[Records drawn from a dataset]
——

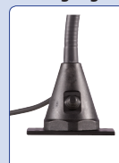
Anschraubplatte mounting plate plaque à visser aanschroefplaat
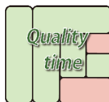
ロゴ (10月に変更予定)
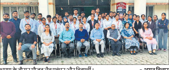
भ्रमण के दौरान मौजूद लैब प्रबंधन और विद्यार्थी।

छात्रों ने फॉरेंसिक साइंस लैब की बायोलॉजी, सेरोलॉजी, केमिस्ट्री, क्वेश्चन्ड डॉक्यूमेंट व डीएनए फिंगरप्रिंट डिवीजन का निरीक्षण किया। विशेषज्ञ अधिकारियों ने छात्रों को प्रत्येक विभाग में उपयोग होने
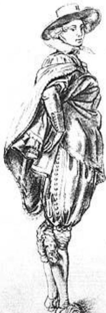
Денди, XIX век
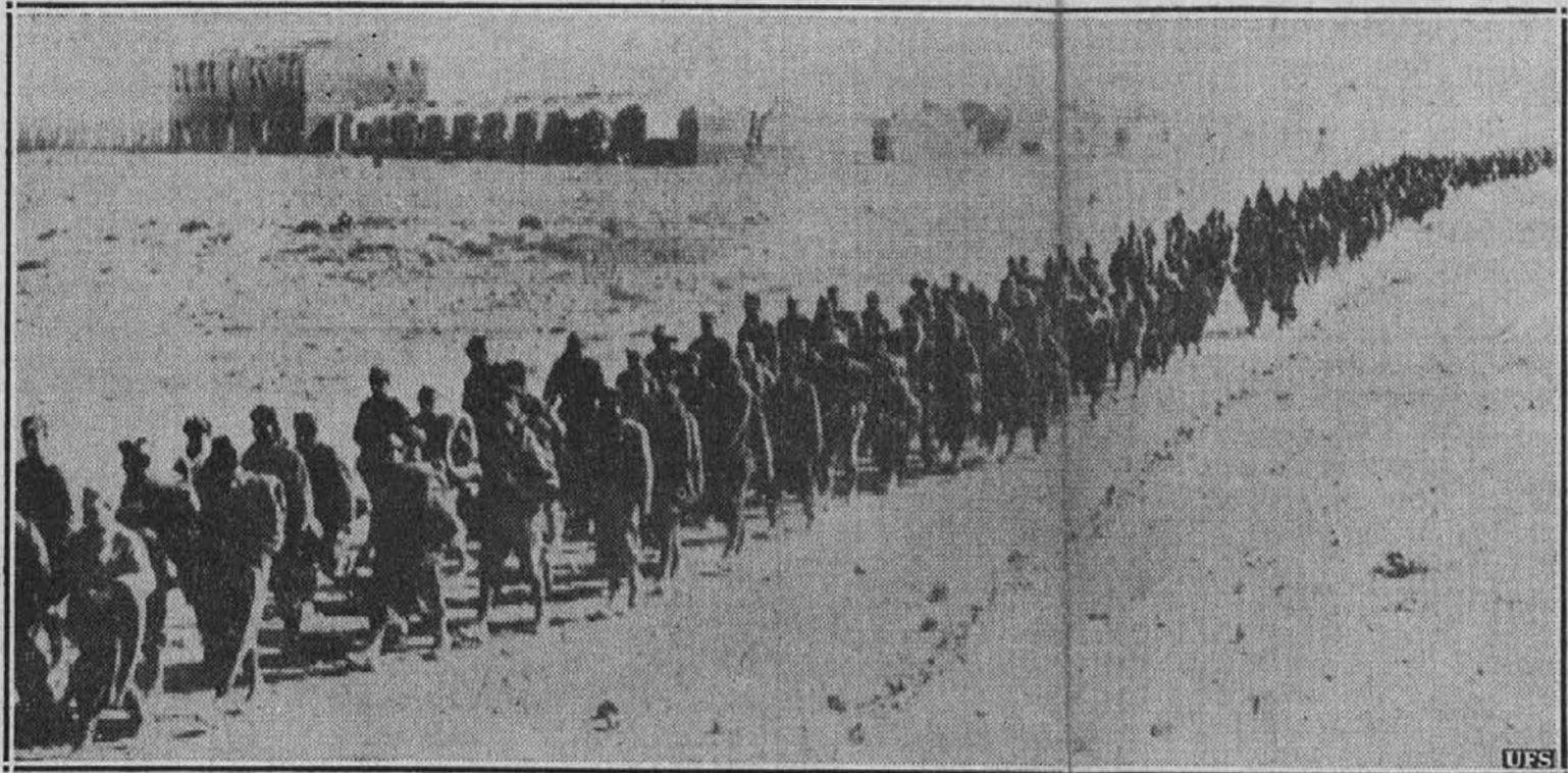
Da, pohod, pa nič kam . . . To je namreč nepregledna vrsta italijanskih vojakov, ki so jih zajeli Angleži v Afriki in ki jih ženejo zdaj v ujetništvo. V ozadju vidite razvaline mesta Sidi Barrani, kjer so Angleži zajeli več kot 10,000 Italijanov.

——

Work required: Output the entries exactly as they appear, with no pictures included.

Answer box:
Anschraubplatte mounting plate plaque à visser aanschroefplaat
ロゴ (10月に変更予定)
भ्रमण के दौरान मौजूद लैब प्रबंधन और विद्यार्थी।

छात्रों ने फॉरेंसिक साइंस लैब की बायोलॉजी, सेरोलॉजी, केमिस्ट्री, क्वेश्चन्ड डॉक्यूमेंट व डीएनए फिंगरप्रिंट डिवीजन का निरीक्षण किया। विशेषज्ञ अधिकारियों ने छात्रों को प्रत्येक विभाग में उपयोग होने
Денди, XIX век
Da, pohod, pa nič kam . . . To je namreč nepregledna vrsta italijanskih vojakov, ki so jih zajeli Angleži v Afriki in ki jih ženejo zdaj v ujetništvo. V ozadju vidite razvaline mesta Sidi Barrani, kjer so Angleži zajeli več kot 10,000 Italijanov.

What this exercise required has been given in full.